__Input data__
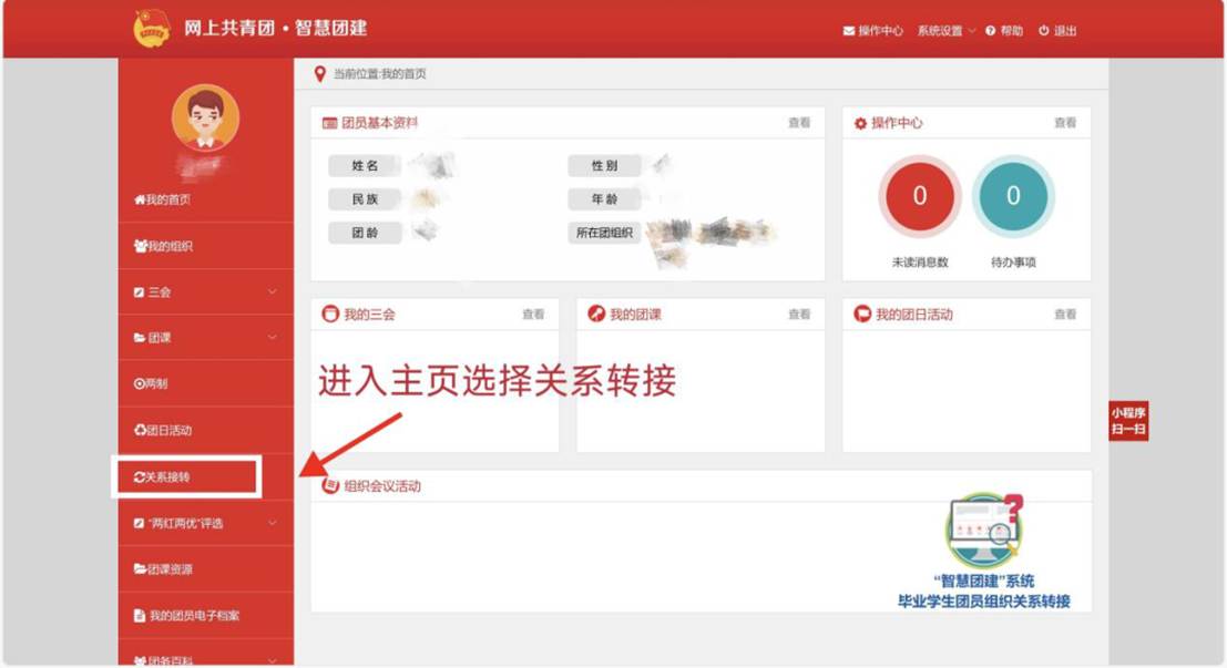 页面左侧列表点击【关系接转】,选择申请转入组织及接转原因,填写基本信息与情况并提交,等待原学校团委管理员审核。
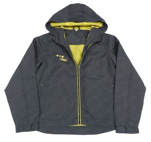 Tmavošedá vzorovaná šusťáková jarní bunda s kapucí
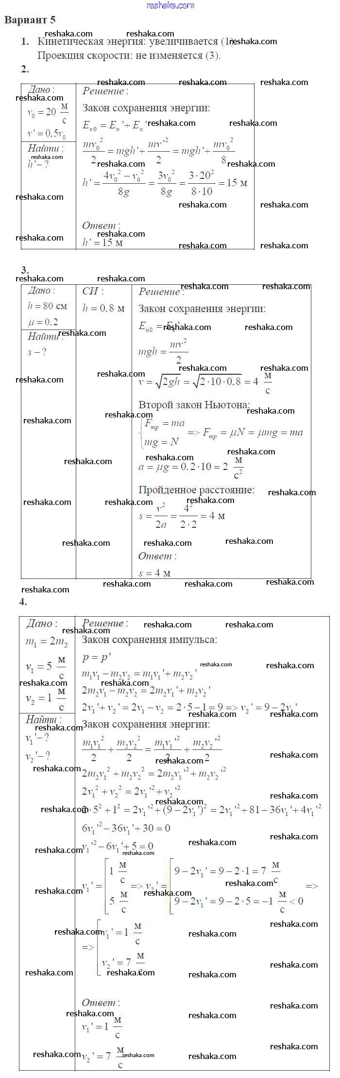 Решака - онлайн ответы Физика Ерюткин, Ерюткина за 10 класс Самостоятельные и контрольные работы Базовый и углубленный уровень ФГОС 2018 - 5
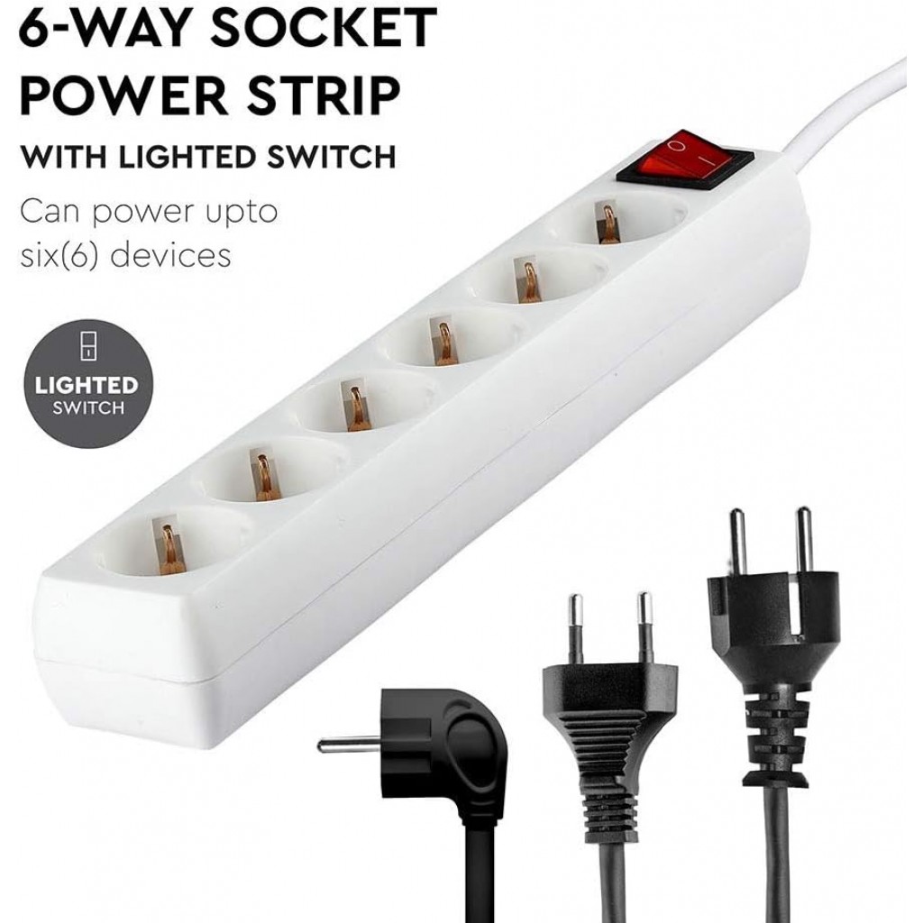 Multipresa 6 Posti Universali Con Interruttore - Cavo 1.5m - Spina 16a

__What needs to be done__
Output each line above exactly as it stands, omitting the pictures.

__Result of this task__
 页面左侧列表点击【关系接转】,选择申请转入组织及接转原因,填写基本信息与情况并提交,等待原学校团委管理员审核。
 Tmavošedá vzorovaná šusťáková jarní bunda s kapucí
 Решака - онлайн ответы Физика Ерюткин, Ерюткина за 10 класс Самостоятельные и контрольные работы Базовый и углубленный уровень ФГОС 2018 - 5
 Multipresa 6 Posti Universali Con Interruttore - Cavo 1.5m - Spina 16a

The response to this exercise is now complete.